In the main thread, __mt_MasterFunction_() calls a sequence of dispatcher functions that eventually call the body function. (This is also the behavior you see for code compiled for parallelization but running on a single-CPU machine, or on a multiprocessor machine using only one thread.)

Worker threads are created using the Solaris threads library. The call stack for a worker thread begins with the threads library routine _thread_start(). _thread_start() makes a call to __mt_SlaveFunction_(), which the thread continues to execute during its lifetime. __mt_SlaveFunction_() calls __mt_WaitForWork_(), in which the thread waits for available work. When work becomes available, the thread returns to __mt_SlaveFunction_(), which then initiates a call to the body function. When the work is finished, the worker thread returns to __mt_SlaveFunction_(), which calls __mt_WaitForWork_() again. You can observe the control flow for a thread in the Analyzer Callers-Callees window.

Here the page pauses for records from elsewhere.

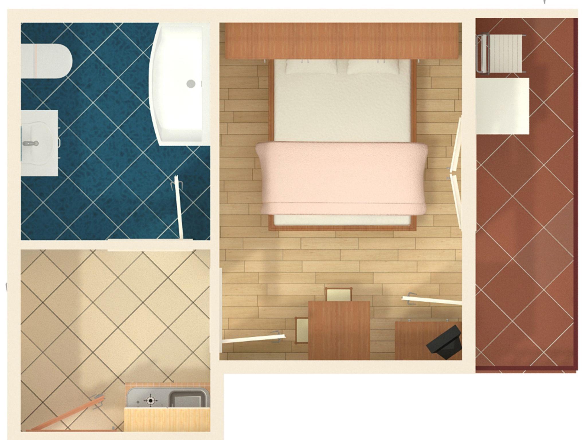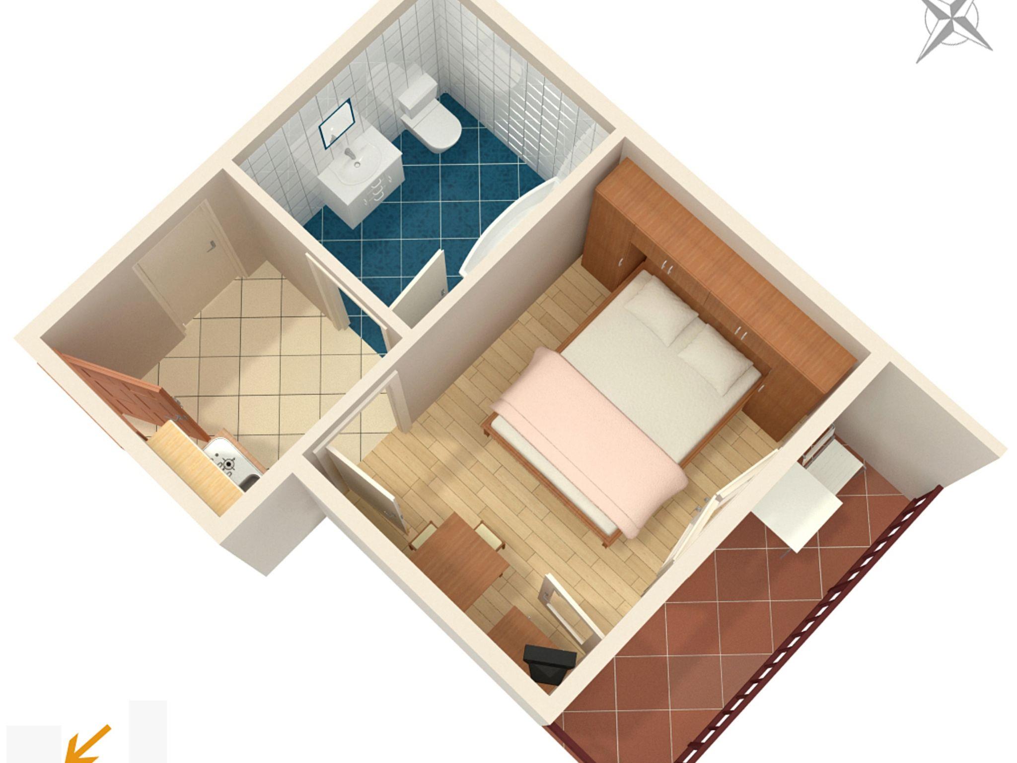 Studio bietet Platz für 2 Gäste. Die Betten sind in Schlafzimmern, die es 1 gibt, innerhalb einer Gesamtfläche von 21m2, angeordnet. Die Gäste haben eine eigene Terrasse zur Verfügung, auf der sie in warmen Sommernächten genießen können. Das Studio-Apartment bietet Meerblick. Es ist erlaubt, Speisen auf dem Gemeinschafts-Grill vorzubereiten. In der gebuchten Unterkunftseinheit zahlt man am Ort ein Depositum ( der Preis ist an der Internetseite angeführt ). IM PREIS INBEGRIFFEN: Kurtaxe, Endreinigung, Klimatisierung, Parkplatz, Internet, Föhn. VERBINDLICHE ZUSÄTZLICHE KOSTEN: Kaution (100,00 € Einmalzahlung), Aufzahlung für Kurzaufenthalte (prozentualer Zuschlag pro Nächtigungsanzahl: 30% - 1, 20% - 2, 10% - 3). Die Verfügbarkeit zusätzlicher Dienstleistungen in Ihrem reservierten Termin und die Preise derselben (falls nicht aufgeführt) müssen im Voraus überprüft werden. Zusätzliche Dienstleistungen die in der Zahlungsaufforderung nicht aufgeführt sind werden direkt beim Vermieter bezahlt, angenommen der Gast nutzt auch diese.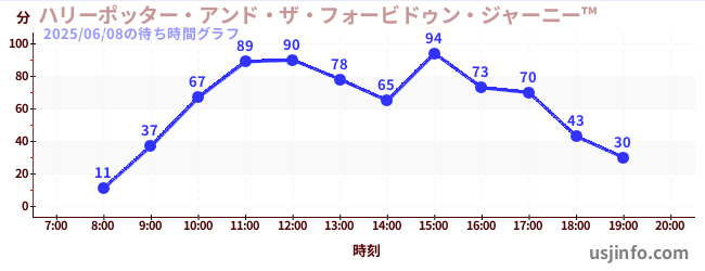 • ハリーポッター・アンド・ザ・フォービドゥン・ジャーニー™$B$N(B2025年06月08日の待ち時間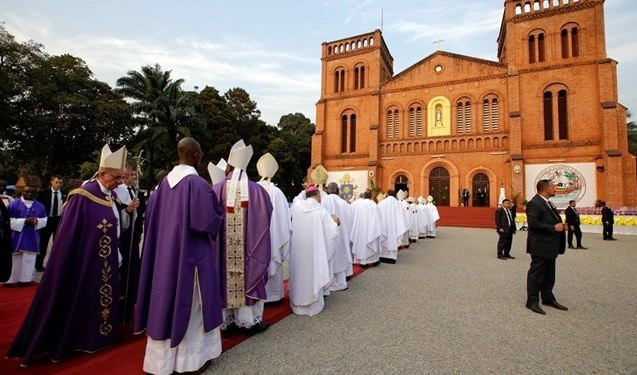 Felszólítom mindazokat, akik e világ fegyvereit használják igazságtalan módon: tegyétek le ezeket a halálhozó eszközöket! Vegyétek fel inkább az igazságosság, a szeretet és az irgalmasság fegyverzetét, amelyek valóban biztosíthatják a békét. Krisztus tanítványai, papok, szerzetesek és világiak, akik ebben a különleges elnevezésű országban dolgoztok, Afrika szívében, amelynek fel kell fedeznie, hogy az Úr valóban a középpontja mindannak, ami jó: a ti hivatásotok, hogy polgártársaitok számára Isten szívét megtestesítsétek. Adja meg az Úr, hogy mindnyájan „állhatatos… és feddhetetlen szentségben állhassunk Istenünk és Atyánk elé, amikor a mi Urunk, Jézus majd eljön, összes szentjének kíséretében!” (vö. 1 Tessz 3,13). Ámen.
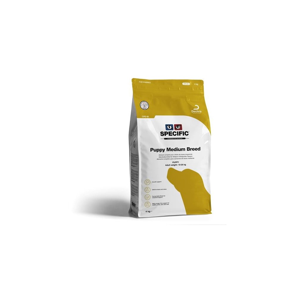 SPECIFIC™ Medium Breed Puppy est un aliment complet et équilibré. Il contient toutes les vitamines et tous les minéraux nécessaires à une croissance saine et avec des niveaux élevés d'oméga-3 de poisson pour soutenir le développement des yeux, du cerveau, de la peau, des cheveux et des articulations.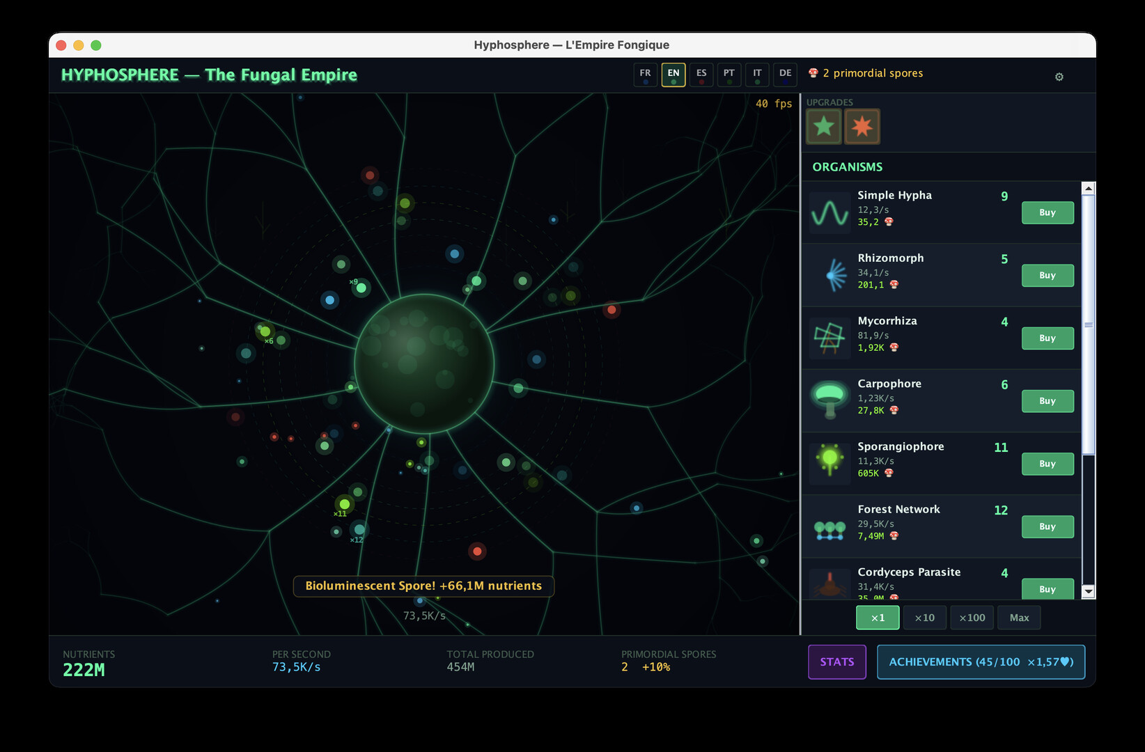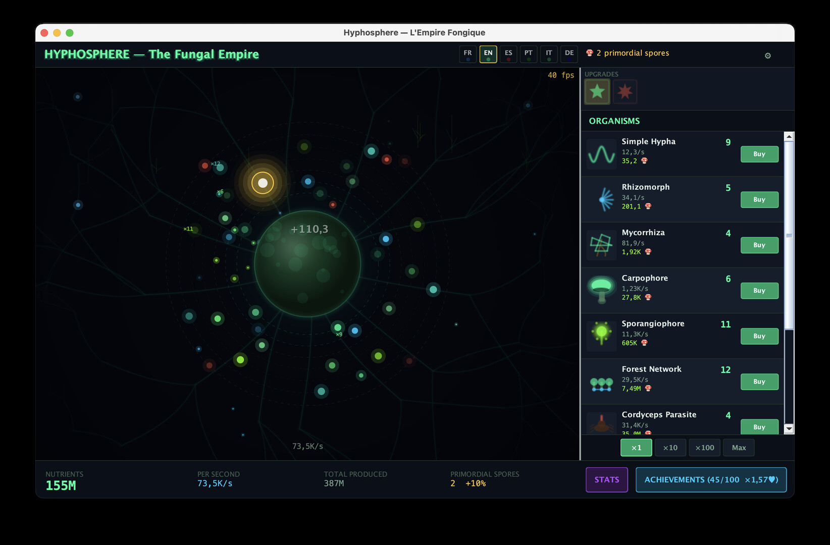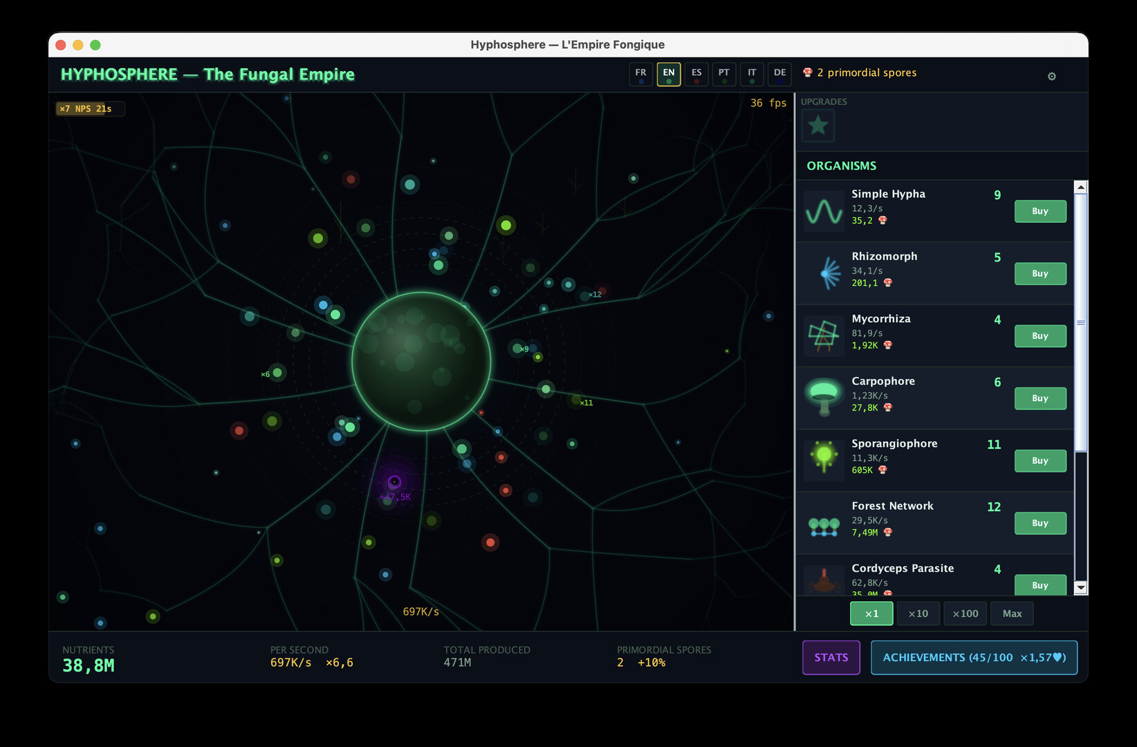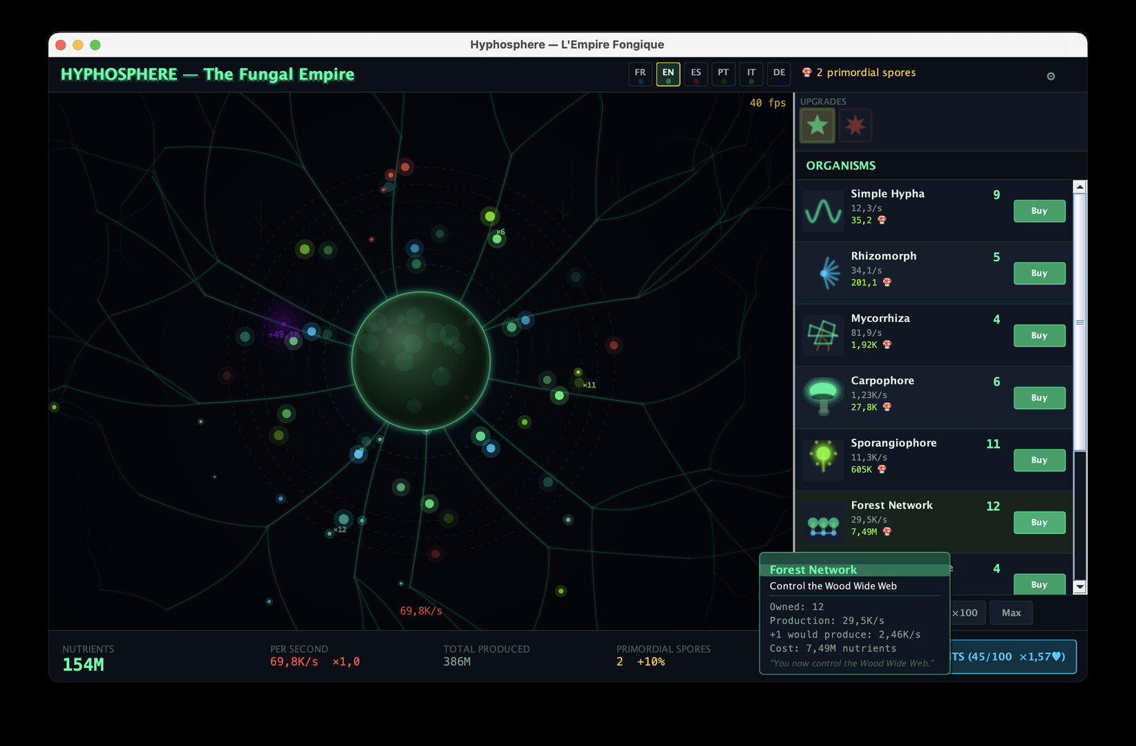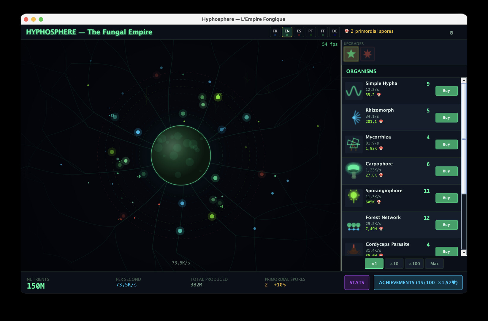 HyphoSphere is a fungal idle game where you build a mycelial empire from a single filament to a cosmic singularity. Click to harvest nutrients, construct living organisms, and watch your network spread across the planet ... and beyond.

See Examining Caller-Callee Metrics for a Function for information about how to use this window.

Note – In these call sequences, the Analyzer shows an imputed call to the function from which the compiler-generated body functions were extracted. This call is inserted as if the original function called the compiler-generated body functions, so that inclusive data is reported against the original function.

Worker threads typically use CPU time while they are in __mt_WaitForWork_() in order to reduce latency when new work arrives, that is, when the main thread reaches a new parallel construct. (This is known as a busy-wait.) However, you can set an environment variable to specify a sleep wait, which shows up in the Analyzer as LWP time, but not CPU time. There are generally two situations where the worker threads spend time waiting for work, where you might want to redesign your program to reduce the waiting:

When the main thread is executing in a serial region and there is nothing for the worker threads to do
When the work load is unbalanced, and some threads have finished and are waiting while others are still executing

By default, the microtasking library uses threads that are bound to LWPs. You can override this default by setting the FLAG variable in the makefile to UNBOUND before you build the program, or by setting the environment variable MT_BIND_LWP to FALSE.

Loops with a long long index call somewhat different microtasking library routines than loops with an integer or long index.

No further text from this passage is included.